In a startling revelation, Microsoft AI researchers inadvertently exposed tens of terabytes of sensitive internal data while publishing a storage bucket of open-source training data on GitHub. The issue was discovered by cloud security startup Wiz during its investigation into the accidental exposure of cloud-hosted data.

The Perils of Shared Access

The GitHub repository offered open-source code and AI models for image recognition and directed users to download the models from an Azure Storage URL. However, Wiz found that the URL was misconfigured to grant permissions to the entire storage account, rather than just the intended open-source data.

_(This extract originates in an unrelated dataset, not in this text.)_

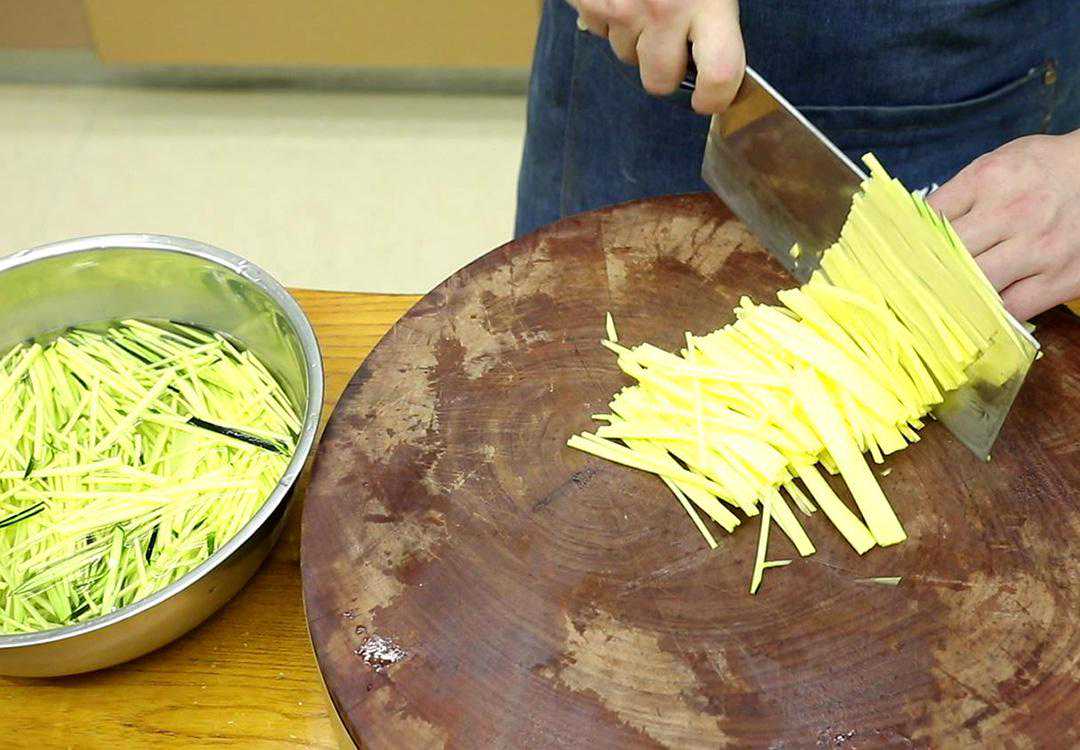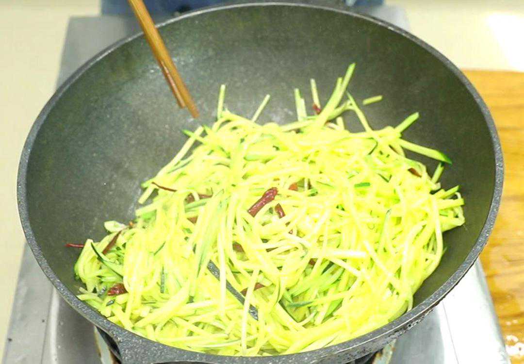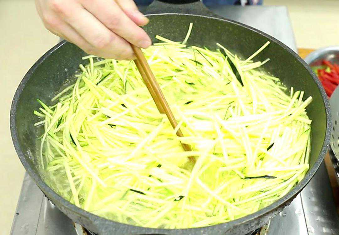 3.烧半锅开水,淋入少许白醋便于保持脆嫩,把南瓜丝倒进去,快速焯烫3秒钟立即倒出来,并迅速用清水冲洗过凉,南瓜丝切记不能烫太久不然就煮面了。

This resulted in the accidental exposure of 38 terabytes of sensitive data, including personal backups of two Microsoft employees’ computers, secret keys, passwords to Microsoft services, and over 30,000 internal Microsoft Teams messages from numerous Microsoft employees.

Full Control, Full Risk

Wiz pointed out that the URL allowed for “full control” rather than “read-only” permissions. This meant that anyone who knew where to look could potentially delete, replace, and even inject malicious content into the data. The root cause of this issue was an overly permissive Shared Access Signature (SAS) token in the URL, a mechanism used by Azure for creating shareable links.

Responding to the Crisis

Microsoft Entra Security

Upon discovering the vulnerability, Wiz promptly shared its findings with Microsoft on June 22. Microsoft acted swiftly, revoking the SAS token just two days later and concluding its organizational impact investigation by August 16. Microsoft’s Security Response Center clarified that “no customer data was exposed, and no other internal services were at risk due to this issue.”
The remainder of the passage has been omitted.